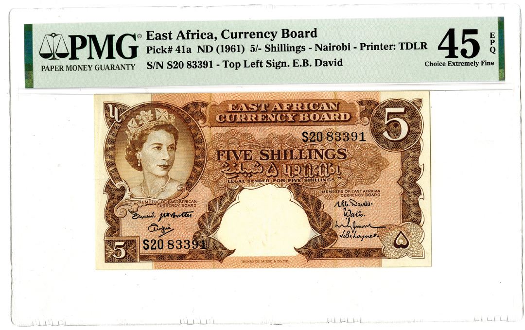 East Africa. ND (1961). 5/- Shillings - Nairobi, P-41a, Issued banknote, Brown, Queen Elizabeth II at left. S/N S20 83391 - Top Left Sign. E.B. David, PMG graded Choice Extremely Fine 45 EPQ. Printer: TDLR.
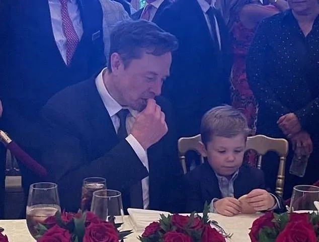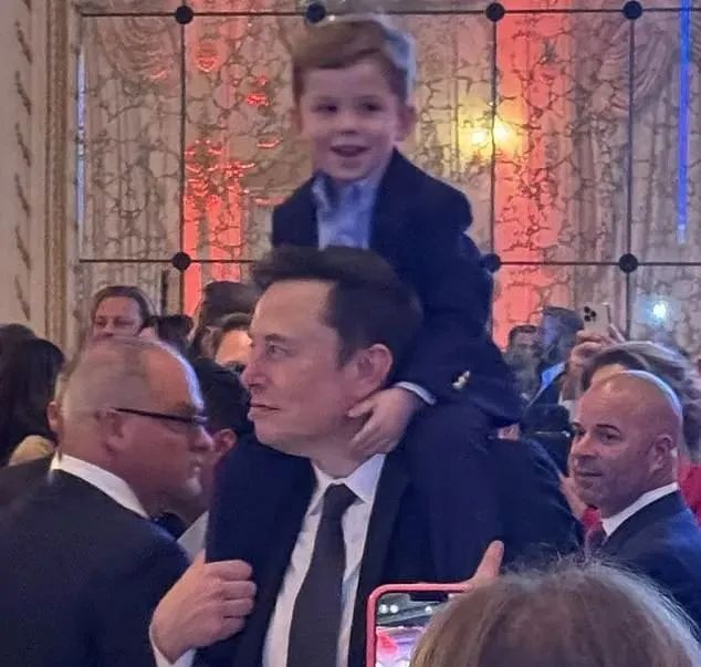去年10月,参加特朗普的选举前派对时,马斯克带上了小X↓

==

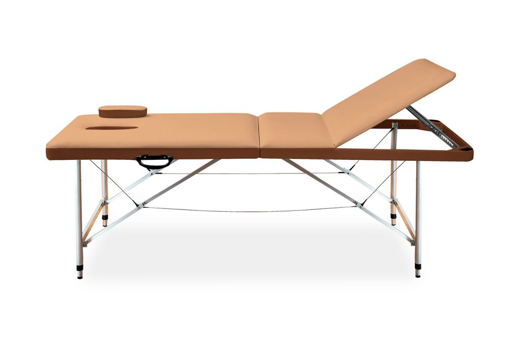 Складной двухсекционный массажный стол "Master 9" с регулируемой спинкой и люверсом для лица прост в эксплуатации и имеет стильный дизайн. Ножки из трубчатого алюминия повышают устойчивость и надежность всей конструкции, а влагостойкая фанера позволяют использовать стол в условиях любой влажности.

Exercise: Those lines of the records above that run from the one containing "East Africa. ND" through the one containing "去年10月,参加特朗普的选举前派对时,马斯克带上了小X↓" should be returned exactly, with no pictures among them.

Task solution:
 East Africa. ND (1961). 5/- Shillings - Nairobi, P-41a, Issued banknote, Brown, Queen Elizabeth II at left. S/N S20 83391 - Top Left Sign. E.B. David, PMG graded Choice Extremely Fine 45 EPQ. Printer: TDLR.
去年10月,参加特朗普的选举前派对时,马斯克带上了小X↓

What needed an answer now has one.